Heck of an asterisk on this claim.

spankmonkey@lemmy.world on 05 Jul 00:15 next collapse

All that power used for a fucking coin flip.

eager_eagle@lemmy.world on 05 Jul 01:23 collapse

That sounds like a coin flip, but 50% reliability can be really useful.

If a model has 50% chance of completing a task that would cost me an hour - and I can easily check it was completed correctly - on average, I’m saving half of the time it would take to complete this.

That said, exponentials don’t exist in the real world, we’re just seeing the middle of a sigmoid curve, which will soon yield diminishing returns.

Womble@lemmy.world on 05 Jul 11:36 next collapse

That said, exponentials don’t exist in the real world, we’re just seeing the middle of a sigmoid curve, which will soon yield diminishing returns.

Yes, but the tricky thing is we have no idea when the seemingly exponential growth will flip over into the plateuing phase.
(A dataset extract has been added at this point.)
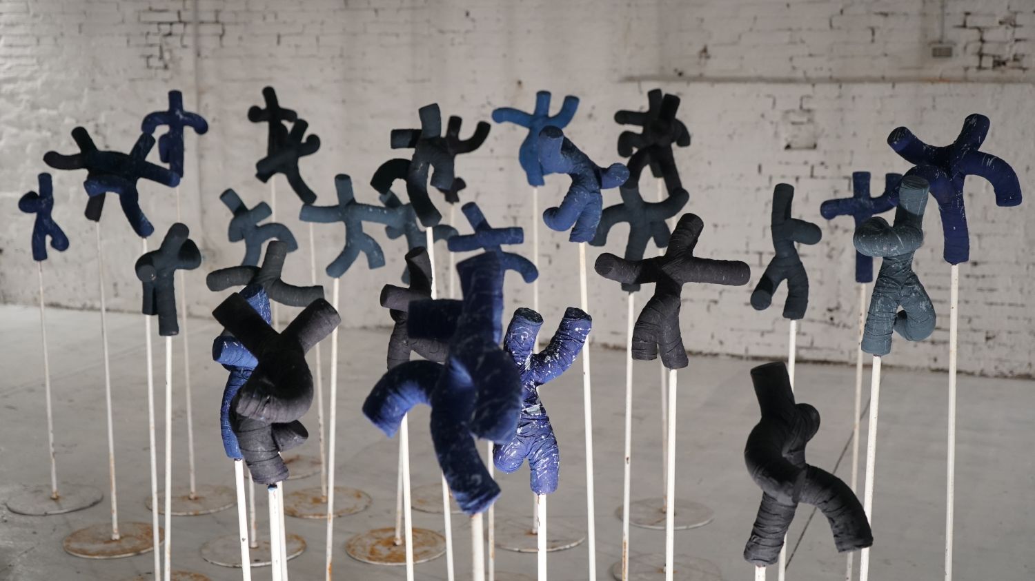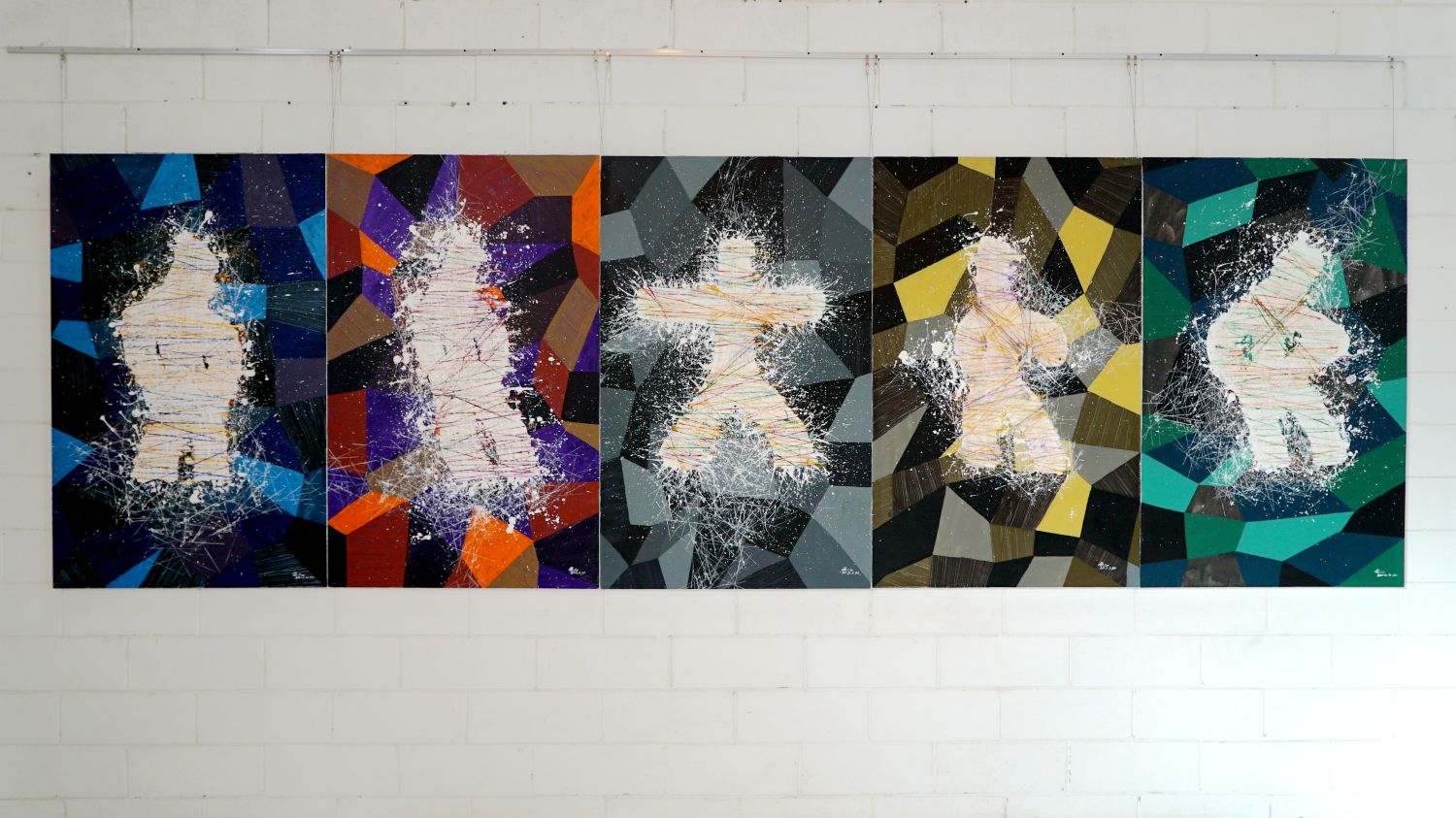 因此,我们看到了他利用自己最擅长的色彩心理学的原理,对他的“快乐人”进行了二次创作。快乐是一种很阳光的印象,他用黄色,橘红色,红色来进一步表达;表达忧郁的快乐,他选择一种沉闷的,偏冷色的蓝、灰、黑色这样的色彩来演绎。通过运用色彩,更加直白地与观者进行情绪与情感的交融。这些作品都在进一步地告知观者,表现的快乐其实包含着另一层意义。而纱布的运用,则是巧妙地借用了纱布本身所具有的伤痛、包扎等具有疼痛与病理的因素,隐喻的方式阐述快乐背后的不快乐的思维哲理。

We could be there already or it could be another 30 years.

For comparison Moores law is almost certainly a sigmoid too, but weve been seeing exponential growth for 50 years now.

squaresinger@lemmy.world on 05 Jul 12:37 collapse

Moore’s law hasn’t been exponential for ~15 years now.

Womble@lemmy.world on 05 Jul 18:57 collapse

If you are just talking transitor density I believe it still is, but even if not, my point was that it had exponential growth spanning over many decades.

prole@lemmy.blahaj.zone on 05 Jul 12:58 collapse

and I can easily check it was completed correctly

Can you always though?

spankmonkey@lemmy.world on 04 Jul 20:33 next collapse

This is like measuring the increasing speeds of cars in the early years and extrapolating that they would be supersonic by now by ignoring the exponential impact that air resistance has.

LovableSidekick@lemmy.world on 05 Jul 06:06 next collapse

Very good analogy. They’re also ignoring that getting faster and faster at reaching a 50% success rate (a totally unacceptable success rate for meaningful tasks) doesn’t imply ever achieving consistently acceptable success.

trillian@feddit.org on 05 Jul 07:00 next collapse

Air resistance has cubic not exponential impact

Voroxpete@sh.itjust.works on 05 Jul 10:39 next collapse

My son has doubled in size every month for the last few months. At this rate he’ll be fifty foot tall by the time he’s seven years old.

Yeah, it’s a stupid claim to make on the face of it. It also ignores practical realities. The first is those is training data, and the second is context windows. The idea that AI will successfully write a novel or code a large scale piece of software like a video game would require them to be able to hold that entire thing in their context window at once. Context windows are strongly tied to hardware usage, so scaling them to the point where they’re big enough for an entire novel may not ever be feasible (at least from a cost/benefit perspective).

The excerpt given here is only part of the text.